Step inside Nami’s black lacquered door and it’s evident that the designers aimed to create a sexy, trendy ambiance. The decor is a mixture of textures and elements, such as wood panels, a marble bar, white leather booths, a glittery gold wall piece and soft brown leather menus. Seating is ample and you can take your pick of environments: bar, sushi bar, booths, tables, hibachi tables and even a private hibachi room one can reserve. Carved wood panels separate the seating areas, so although the restaurant is large, it doesn’t feel cavernous.
In order to get the full Nami experience, we sat at a hibachi table but also ordered appetizers and sushi. I perused the cocktail menu and couldn’t resist the Wasabitini ($10), made with vodka, ginger and wasabi. I’m a big wasabi fan, but the cocktail was sweet enough that even the less enthusiastic would still find it palatable. I had to stir it once or twice to redistribute the wasabi, but it might have settled because I was sipping slowly. My husband had the Lycheetini ($10), a classic that must be a popular choice.
To accompany our cocktails, we ordered the Soft-shell Crab appetizer ($14), described as “fried Japanese crab mixed with sea salt.” It was served in a martini glass over a bed of mixed greens with sweet dipping sauce on the side. The crab was perfectly fried and tender.
On the signature sushi list, the Tuxedo Roll ($13) consisted of shrimp tempura, cucumber and avocado wrapped in soybean paper and topped with spicy tuna, black tobiko, wasabi dressing, spicy mayo and unagi sauce. We were considering ordering a second specialty roll, but when the first arrived, it was huge. The flavors and textures were creative and well matched, but like many large rolls, it was difficult to pick up without dismantling (a hazard well worth the trouble).
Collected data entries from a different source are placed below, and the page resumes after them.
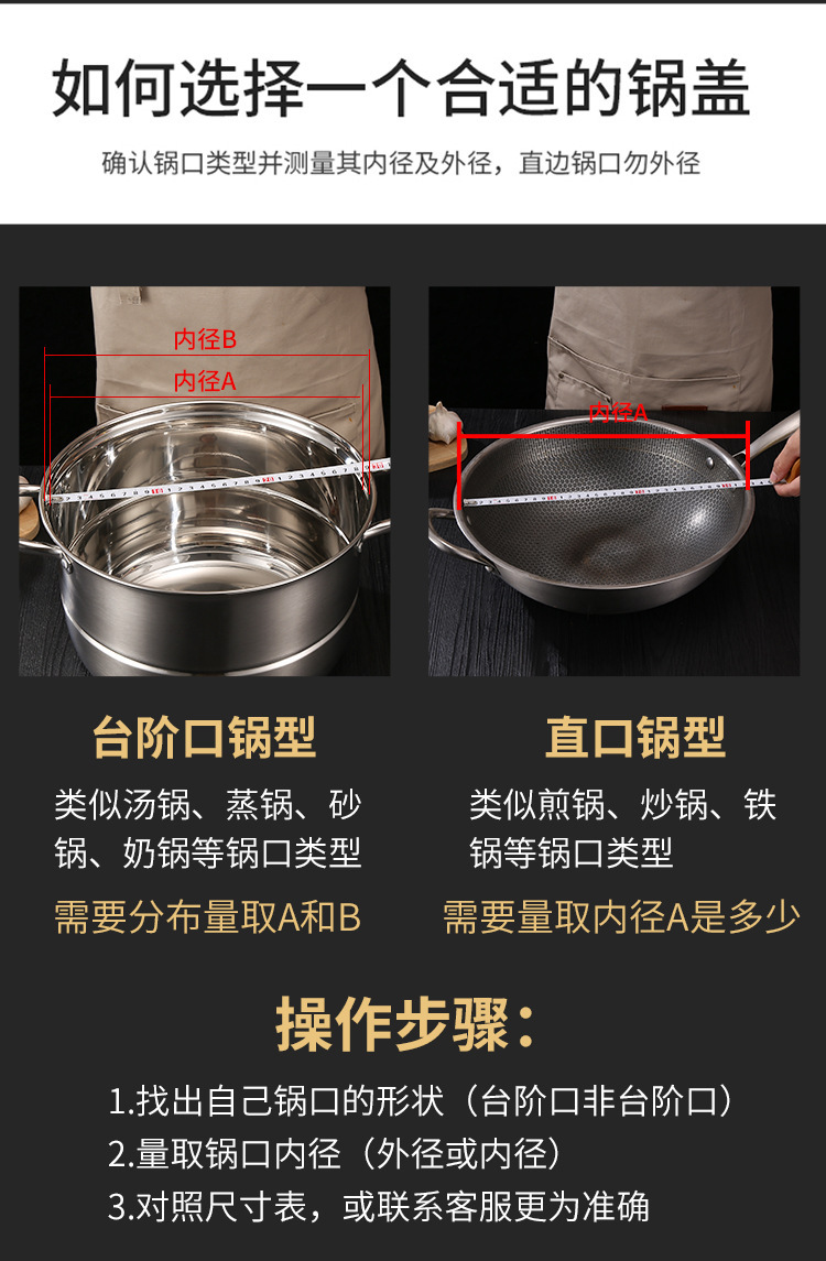 Крышка кастрюли диаметром 28 см [подходит для кастрюль диаметром 26–27,5]; Крышка кастрюли диаметром 30 см [подходит для кастрюль диаметром 28–29,5]; Крышка кастрюли диаметром 32 см [подходит для 30-31,5 кастрюль]; Крышка кастрюли диаметром 34 см [подходит для кастрюль диаметром 32–33,5]; Крышка кастрюли диаметром 36 см [подходит для кастрюль диаметром 34–35,5]; Крышка кастрюли диаметром 38 см [подходит для кастрюль диаметром 36–37,5]; Крышка кастрюли диаметром 40 см [подходит для кастрюль 38-39,5]; Крышка кастрюли диаметром 42 см [подходит для кастрюль диаметром 40–41,5]
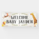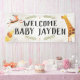 Decorate your baby shower with this adorable jungle and safari themed baby shower banner featuring an antelope, lion, and giraffe with the message "Welcome Baby" - customize it with the name of the baby on the way!
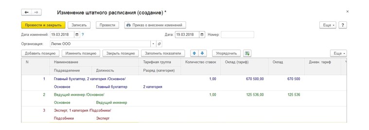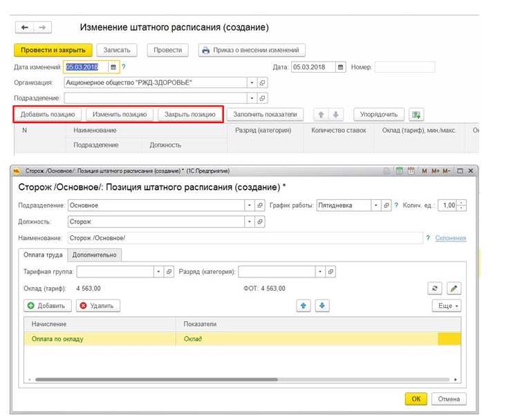 Инструкция по изменению штатного расписания в 1С:Зарплата и управление персоналом КОРП

Nami’s hibachi meals come with soup and salad. I didn’t expect the soup to be such a high point of the meal, but it was outstanding – a velvety, rich beef broth with enoki mushrooms. The greens in our salads were very fresh and we enjoyed the gingery dressing. To be honest, I was nervous about the hibachi. Like stand-up comedy, good hibachi can be enjoyable and involving, but at its worst it can be awkward and uncomfortable. I was relieved when other diners were seated at our hibachi table halfway through our appetizers. Hibachi is always more fun with a group, and even better, our tablemates were in a party mood.
Our hibachi chef, a young man who (with a wink) told us to call him Jackie Chan, was amazingly skilled behind the grill. He juggled the implements and ingredients with such ease that we never feared that something would be dropped or splashed, a trust that’s important to cultivate whenever knives are flying through the air. He started by preparing the fried rice, juggling and cracking the eggs, then mixing in the rice and other seasonings. We enjoyed watching the show while sipping Sapporo on draft ($5).
After piling the fried rice on our plates, our chef began cooking the main ingredients. Nami offers many hibachi options – I chose the Scallop ($29) and my husband ordered the Filet Mignon, medium rare ($32). The chef managed the table’s five orders without a problem, even accommodating specific dietary needs. We were impressed that the cubed filet was cooked perfectly to order, and I noted the flavor of the fried rice, which was more complex than most and not too salty. To accompany the hibachi, the chef prepared an ample pile of vegetables, and we each had creamy seafood and tangy ginger sauces. While cooking, he continued to interact and entertain us with hibachi theatrics. His most appreciated trick was squirting sake in our mouths, and we must have made a hilarious sight trying to catch it without laughing.
We wisely packed up some of our hibachi to save room for dessert. The Bittersweet Chocolate Mousse ($7.50) was a surprisingly large dish: the orange-laced dark chocolate mousse was accompanied by a scoop of ice cream and a sliced half orange.
Tying the meal together was a high standard of service – our hostess, waitress and hibachi chef were very experienced and attentive. With all that Nami had to offer, a return visit is definitely in order.